Que vaut l'appareil étatique républicain démocra­tique ? Il suit le « pronunciamiento ». Que les politiciens se rappellent la destination des organismes au­thentiquement prolétariens comme les Patrouilles de contrôle. Ce sont les staliniens qui ont forgé l'arme qui se retourne contre eux, mais malheureusement aussi contre le prolétariat.

Le pronunciamento de Miaja-Casado a déterminé la fin du gouvernement de Négrin. Il faut aussi souligner la lâcheté de la direction du parti communiste qui a abandonné ses militants et s'est enfui à l'étran­ger.

Les anarchistes français (Voir Libertaire) appuient la Junta Miaja-Casado parce qu'ils y voient une tentative d'arrêter le massacre inutile des ouvriers espagnols. La situation n'est elle pas perdue ? L'essentiel c'est de sauver la vie des militants en danger, leur permettre de partir à l'étranger, car la révolution es­pagnole se fera avec des hommes vivants et non avec des morts. Voilà les idées qu'on peut recueillir dans « Le Libertaire » et « Juin 36 ».

Pourtant ceux qui veulent arrêter « le massacre inutile » méconnaissent la nature du fascisme. Ils es­pèrent la clémence de la part de Franco. Or, le trait fondamental du fascisme est précisément qu'il ne tolère aucune organisation indépendante du proléta­riat et qu'il supprime même toutes les organisations bourgeoises indépendantes.
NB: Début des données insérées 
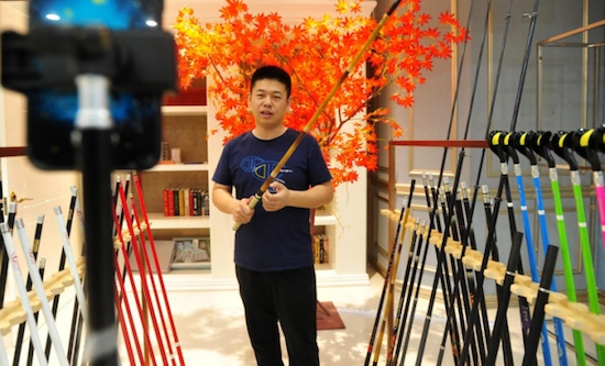 Le 6 juin 2020, un animateur vend des cannes à pêche sur une plateforme de livestreaming dans une base de fournitures de marchandises pour l'e-commerce dans le comté de Suning de la province du Hebei (dans le nord de la Chine). (Yuan Liwei/Pic.people.com.cn)

L'armistice avec Franco permettant de sauvegarder quoi que ce soit pour le prolétariat est impossible.

Garcia Oliver n'a pas été récompensé pour sa trahison de mai, Comorera et Négrin non plus. Le sort de Miaja-Casado et de leurs associés ne sera pas meilleur.

Quant au prolétariat, il n'a pas le choix. Même en cas de défaite totale, c'est dans la mesure où il résis­tera et fera payer cher au fascisme ses avances qu'il pourra après regrouper ses forces et préparer sa re­vanche.